WORK ORDER => The records below hold a stretch from the line with "آچارهای رینگی با" through the line with "Nautisches Design mit"; return exactly those lines, ends included, and nothing more.

SOURCE DATA =>
###

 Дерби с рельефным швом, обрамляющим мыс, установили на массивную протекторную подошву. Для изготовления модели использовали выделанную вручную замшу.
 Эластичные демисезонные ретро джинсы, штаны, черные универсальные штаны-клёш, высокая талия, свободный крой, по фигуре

###

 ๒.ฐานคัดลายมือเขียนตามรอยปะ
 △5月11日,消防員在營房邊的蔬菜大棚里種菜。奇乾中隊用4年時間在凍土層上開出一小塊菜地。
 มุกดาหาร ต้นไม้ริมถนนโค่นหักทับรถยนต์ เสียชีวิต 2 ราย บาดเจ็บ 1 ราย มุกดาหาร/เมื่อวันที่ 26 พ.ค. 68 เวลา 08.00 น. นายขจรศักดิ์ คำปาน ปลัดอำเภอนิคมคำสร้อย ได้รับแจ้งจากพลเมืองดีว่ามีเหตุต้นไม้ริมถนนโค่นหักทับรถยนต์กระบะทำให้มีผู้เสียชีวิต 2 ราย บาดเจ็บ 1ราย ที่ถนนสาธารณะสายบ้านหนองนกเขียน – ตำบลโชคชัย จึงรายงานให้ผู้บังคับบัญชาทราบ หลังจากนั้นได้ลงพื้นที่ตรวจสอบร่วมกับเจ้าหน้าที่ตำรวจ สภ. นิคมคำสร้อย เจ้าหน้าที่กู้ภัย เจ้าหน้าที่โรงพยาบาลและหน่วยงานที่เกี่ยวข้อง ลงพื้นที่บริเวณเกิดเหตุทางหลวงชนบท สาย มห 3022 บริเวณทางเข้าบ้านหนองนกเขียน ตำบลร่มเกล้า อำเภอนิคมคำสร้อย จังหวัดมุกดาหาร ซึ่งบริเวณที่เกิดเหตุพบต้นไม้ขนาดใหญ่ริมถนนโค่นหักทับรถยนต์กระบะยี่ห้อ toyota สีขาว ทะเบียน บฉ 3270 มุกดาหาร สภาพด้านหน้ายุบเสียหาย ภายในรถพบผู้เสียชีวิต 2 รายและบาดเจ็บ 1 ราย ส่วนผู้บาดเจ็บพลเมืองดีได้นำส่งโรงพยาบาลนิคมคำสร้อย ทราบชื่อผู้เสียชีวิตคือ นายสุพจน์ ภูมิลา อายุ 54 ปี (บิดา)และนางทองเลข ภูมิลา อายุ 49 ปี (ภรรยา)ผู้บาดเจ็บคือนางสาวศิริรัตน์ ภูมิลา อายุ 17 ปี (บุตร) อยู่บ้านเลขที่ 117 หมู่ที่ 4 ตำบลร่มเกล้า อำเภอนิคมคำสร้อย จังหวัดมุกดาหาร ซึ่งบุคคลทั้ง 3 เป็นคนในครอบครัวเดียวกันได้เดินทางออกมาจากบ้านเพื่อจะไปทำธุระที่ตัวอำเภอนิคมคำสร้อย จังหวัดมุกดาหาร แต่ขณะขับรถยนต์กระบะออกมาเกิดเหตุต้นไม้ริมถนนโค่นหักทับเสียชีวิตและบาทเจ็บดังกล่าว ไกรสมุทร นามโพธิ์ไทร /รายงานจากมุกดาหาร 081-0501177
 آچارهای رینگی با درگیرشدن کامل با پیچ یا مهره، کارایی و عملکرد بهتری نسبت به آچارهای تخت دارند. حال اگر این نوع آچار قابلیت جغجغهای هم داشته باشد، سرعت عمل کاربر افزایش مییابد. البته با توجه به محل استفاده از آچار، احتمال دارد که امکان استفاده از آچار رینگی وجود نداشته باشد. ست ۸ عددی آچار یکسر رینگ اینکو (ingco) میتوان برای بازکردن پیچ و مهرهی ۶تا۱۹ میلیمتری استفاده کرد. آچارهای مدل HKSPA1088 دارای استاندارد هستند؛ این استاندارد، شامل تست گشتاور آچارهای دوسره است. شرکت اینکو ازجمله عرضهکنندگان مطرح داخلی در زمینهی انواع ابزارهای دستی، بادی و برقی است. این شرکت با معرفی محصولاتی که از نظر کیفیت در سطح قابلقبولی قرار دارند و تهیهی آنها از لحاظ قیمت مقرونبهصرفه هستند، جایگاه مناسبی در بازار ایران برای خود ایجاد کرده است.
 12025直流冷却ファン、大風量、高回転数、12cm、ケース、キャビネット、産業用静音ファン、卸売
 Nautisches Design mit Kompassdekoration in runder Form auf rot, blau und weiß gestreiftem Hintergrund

###

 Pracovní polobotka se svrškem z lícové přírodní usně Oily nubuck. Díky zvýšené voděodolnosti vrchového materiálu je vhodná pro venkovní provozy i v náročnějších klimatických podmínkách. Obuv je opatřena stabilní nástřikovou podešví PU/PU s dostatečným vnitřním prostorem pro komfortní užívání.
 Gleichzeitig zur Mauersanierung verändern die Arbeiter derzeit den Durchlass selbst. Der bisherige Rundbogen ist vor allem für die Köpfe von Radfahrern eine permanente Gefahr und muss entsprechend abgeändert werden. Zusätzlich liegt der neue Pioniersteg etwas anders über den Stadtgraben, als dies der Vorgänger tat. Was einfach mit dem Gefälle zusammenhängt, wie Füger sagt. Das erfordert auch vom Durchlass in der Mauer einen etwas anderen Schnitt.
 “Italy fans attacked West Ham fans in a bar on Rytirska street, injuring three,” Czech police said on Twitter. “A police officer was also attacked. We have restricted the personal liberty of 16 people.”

###

SOLVED EXERCISE =>
 آچارهای رینگی با درگیرشدن کامل با پیچ یا مهره، کارایی و عملکرد بهتری نسبت به آچارهای تخت دارند. حال اگر این نوع آچار قابلیت جغجغهای هم داشته باشد، سرعت عمل کاربر افزایش مییابد. البته با توجه به محل استفاده از آچار، احتمال دارد که امکان استفاده از آچار رینگی وجود نداشته باشد. ست ۸ عددی آچار یکسر رینگ اینکو (ingco) میتوان برای بازکردن پیچ و مهرهی ۶تا۱۹ میلیمتری استفاده کرد. آچارهای مدل HKSPA1088 دارای استاندارد هستند؛ این استاندارد، شامل تست گشتاور آچارهای دوسره است. شرکت اینکو ازجمله عرضهکنندگان مطرح داخلی در زمینهی انواع ابزارهای دستی، بادی و برقی است. این شرکت با معرفی محصولاتی که از نظر کیفیت در سطح قابلقبولی قرار دارند و تهیهی آنها از لحاظ قیمت مقرونبهصرفه هستند، جایگاه مناسبی در بازار ایران برای خود ایجاد کرده است.
 12025直流冷却ファン、大風量、高回転数、12cm、ケース、キャビネット、産業用静音ファン、卸売
 Nautisches Design mit Kompassdekoration in runder Form auf rot, blau und weiß gestreiftem Hintergrund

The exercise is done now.